引き裂かれた恋人を捜す大聖女は生贄結婚をすることになりました! ~実は私がスパダリ大聖女といわれているのは、ご存知ないですよね?~


 街の中心から少し東に向かったところで、大きな門へ入ると、美しい葉を輝かせた木々たちが、石造りの建物を取り巻くようにして包んでいる。

 入り口の上には、大きな文字が刻まれ、それをアレッシェラは馬車から見上げながら呟いた。

「グラフォーレ博物館――?」

「はい、領内の見所を案内してほしいとのことでしたので」

 先に降りたレナールが、手をアレッシェラに差し出しながら、にっこりと笑う。その瞬間、相手のこの笑みの意味がわかった。

(ほーう、考えたな……!)

 おそらく、こちらの目的がレナールと親密になるためと悟ったからだろう。そのために、父親の名を汚さないもてなし場所で、かつデート先としては、あまり馴染みのない場所を選んだのに違いない。
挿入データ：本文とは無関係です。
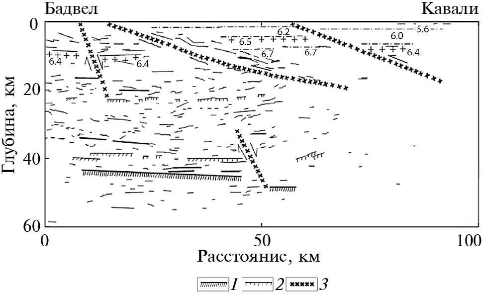 Рис. 7. Глубинный сейсмический разрез по профилю Бадвел-Кавали, характеризующий строение Куддапахского блока на границе с Бенгальским заливом, по [7, 28]. На разрезе видно, что граница Мохо с разрывами в виде ступеней погружается в сторону Бенгальского залива. 1 – граница Мохо; 2 – сильные отражающие границы в низах коры; 3 – пологонаклоненные отражающие границы. Положение профиля см. рис. 5.
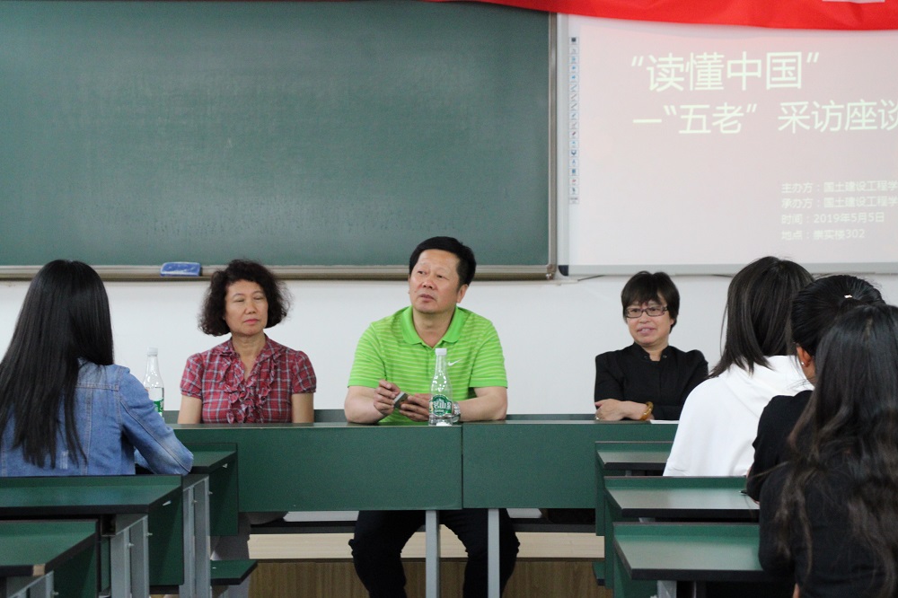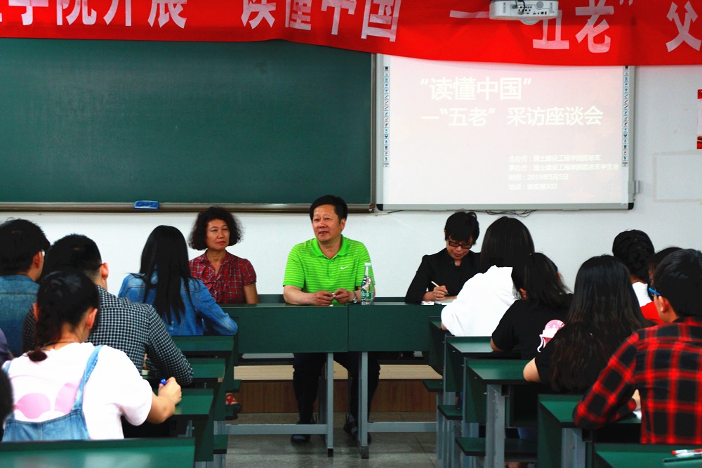 为纪念五四运动100周年,深入贯彻落实关于全面开展“读懂中国”活动,十大网投积极响应学校的号召,于5月5日在崇实楼302组织青年学生与亲身经历见证学校发展的“老党员、老干部、老军人,老模范、老教师”进行面对面交流座谈会。为帮助青年学生真切感受到老教师们在学校发展中参与学校建设的经历、感人事迹,及学校一路走来的不易与艰辛,十大网投特别邀请到原澳门十大网投平台排行纪委书记谭兵老师、原教务处处长吴雁莎老师、原马克思主义学院思政教研室主任和现任大学生心理健康教研室主任樊玲老师,辅导员庞玲玲老师和60名学生代表参加此次座谈会,建工学院党总支书记高昆老师主持。

「俺は女性には疎いですから。楽しめそうな場所は思いつかないので、ご要望に一番近いこちらにいたしました」

「たしかに、グラフォーレを紹介するにはもってこいな場所だ。レナール様ご自身で考えてくださったのか?」

 腕を組みながら見上げて尋ねると、レナールは柔らかく笑っている。

「ええ、俺が考えました。アレシナ様をここにご案内することを、今朝ニコルや兄に話すと、もっと人の少ない湖などを勧められましたが……それでは、風景しかご覧になれないでしょう?」

 にっこりとした笑みに、アレッシェラの闘志が燃やされる。

(実にいい性格だ……!)

「たしかにここならば、グラフォーレのいろいろなことがわかる」

「ええ、ですが古いものも多いですので、退屈でしたら、いつでもおっしゃってください。どうか俺にご遠慮なさらず」

 昨夜の言葉に対して、そのまま返しているのだとわかる。

(頑固者というか、こいつかなり強く執着するタイプだろう!?)

 昨夜やられたことを、しっかりと引きずっているようだ。だが、あいにくと、こちらもこれで引き下がるつもりはない。

 だから、にこっと笑った。

「ああ! そういうものは大好きなので、ぜひ一緒に見にいこう!」

 そういえば、相手は目を丸くしている。

「あのっ……! 古いとは言っても、アンティークとか年代物の美術品とかではないのですよ!? ただの古い蔵書だったり、昔の生活道具だったり」

「それなら、なおさら見たい! ぜひ一緒に入ろう!」

 そう話すと、相手はさらに面食らったようだ。

 もちろん、レナールに諦めさせないためではあったが、それらに興味があったのも事実だ。

 いそいそと弾むように、アレッシェラはレナールと入り口へと向かった。